Le 16 septembre 2017, dans la soirée, Ramon Esono Ebalé est arrêté, en compagnie de deux ressortissants espagnols, par des agents de la Sûreté de l’Etat à la sortie d’un restaurant de Malabo. Ils sont menottés, leurs téléphones portables confisqués, puis sont transférés au niveau du Bureau de lutte contre le terrorisme et les activités dangereuses. Les deux espagnols seront rapidement libérés. Mais Ramon Esono Ebalé est interrogé sur ses dessins critiquant le Président Teodoro Obiang Nguema, notamment dans « La Pesadilla de Obi ». Les agents l’avisent que ses dessins peuvent être considérés comme de la diffamation. Ramon Esono Ebalé est ensuite transféré à la prison centrale de Black Beach. Il y est toujours détenu, sans inculpation.

Contexte
La Guinée-équatoriale, riche pays pétrolier du Golfe de Guinée, est dirigée d’une main de fer par le président Teodoro Obiang Nguema depuis 1979. Dans ce pays d’un peu plus un million d’habitants, toute critique du régime et du président est proscrite et tout contrevenant risque la prison.
Afin de renouveler son passeport, Ramon Esono Ebalé, a couru le risque de revenir à Malabo le 29 août dernier. Moins de deux semaines plus tard, il était en prison...
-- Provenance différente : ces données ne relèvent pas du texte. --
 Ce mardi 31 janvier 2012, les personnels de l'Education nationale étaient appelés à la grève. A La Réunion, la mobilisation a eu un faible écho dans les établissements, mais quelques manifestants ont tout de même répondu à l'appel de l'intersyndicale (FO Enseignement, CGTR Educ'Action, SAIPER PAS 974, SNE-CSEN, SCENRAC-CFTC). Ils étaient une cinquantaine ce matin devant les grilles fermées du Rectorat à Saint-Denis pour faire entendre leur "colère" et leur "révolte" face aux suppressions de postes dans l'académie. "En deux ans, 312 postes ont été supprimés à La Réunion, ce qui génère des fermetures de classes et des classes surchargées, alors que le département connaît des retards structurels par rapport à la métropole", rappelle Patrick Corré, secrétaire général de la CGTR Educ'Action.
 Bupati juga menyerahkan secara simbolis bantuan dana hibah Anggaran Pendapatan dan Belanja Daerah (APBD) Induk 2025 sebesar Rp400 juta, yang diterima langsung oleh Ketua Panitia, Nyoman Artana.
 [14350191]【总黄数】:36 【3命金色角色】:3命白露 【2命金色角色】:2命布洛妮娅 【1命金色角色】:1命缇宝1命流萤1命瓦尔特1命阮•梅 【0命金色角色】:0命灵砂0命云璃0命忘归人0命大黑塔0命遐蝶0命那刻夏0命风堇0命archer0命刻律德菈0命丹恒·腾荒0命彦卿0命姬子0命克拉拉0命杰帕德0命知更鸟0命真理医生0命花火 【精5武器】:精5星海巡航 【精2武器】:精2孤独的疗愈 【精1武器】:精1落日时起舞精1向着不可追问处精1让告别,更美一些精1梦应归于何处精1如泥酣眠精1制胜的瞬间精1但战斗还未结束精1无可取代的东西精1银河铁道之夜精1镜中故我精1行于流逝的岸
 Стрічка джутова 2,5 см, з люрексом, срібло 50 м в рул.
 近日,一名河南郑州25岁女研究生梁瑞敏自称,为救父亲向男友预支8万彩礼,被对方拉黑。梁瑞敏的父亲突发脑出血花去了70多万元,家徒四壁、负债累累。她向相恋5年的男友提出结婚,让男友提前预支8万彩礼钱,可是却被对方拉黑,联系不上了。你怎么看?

Il semblerait que les autorités maintiennent Ramon Esono Ebalé en détention pour une autre affaire, fabriquée pour l’occasion, dans le but d’éviter d’être accusées de restreindre les libertés d’expression dans le pays. Selon la télévision nationale, un million de francs CFA (environ 1 500 euros) en faux billets aurait été retrouvés chez le dessinateur. Accusé de diriger une organisation se livrant au blanchiment d’argent et au faux-monnayage, Ramon Esono Ebalé encourt 40 ans d’emprisonnement pour ce délit. Le 9 octobre, les avocats du dessinateur ont déposé une requête au tribunal demandant l’audience des témoins à charge. Le tribunal n’a pas encore répondu. Si le tribunal ne se prononce pas d’ici le 30 novembre sur cette affaire, Ramon Esono Ebalé risque de demeurer en prison jusqu’à la reprise des activités judiciaires, prévue à la mi- janvier 2018.
Pour le moment, Ramon Esono Ebalé est en bonne santé et garde le moral. Il dispose en prison de papier et d’un crayon, lui permettant de continuer à dessiner.
Le 2 novembre 2017, l’organisation Cartoonists Rights Network International (CRNI) lui a décerné le prix courage dans le dessin de presse.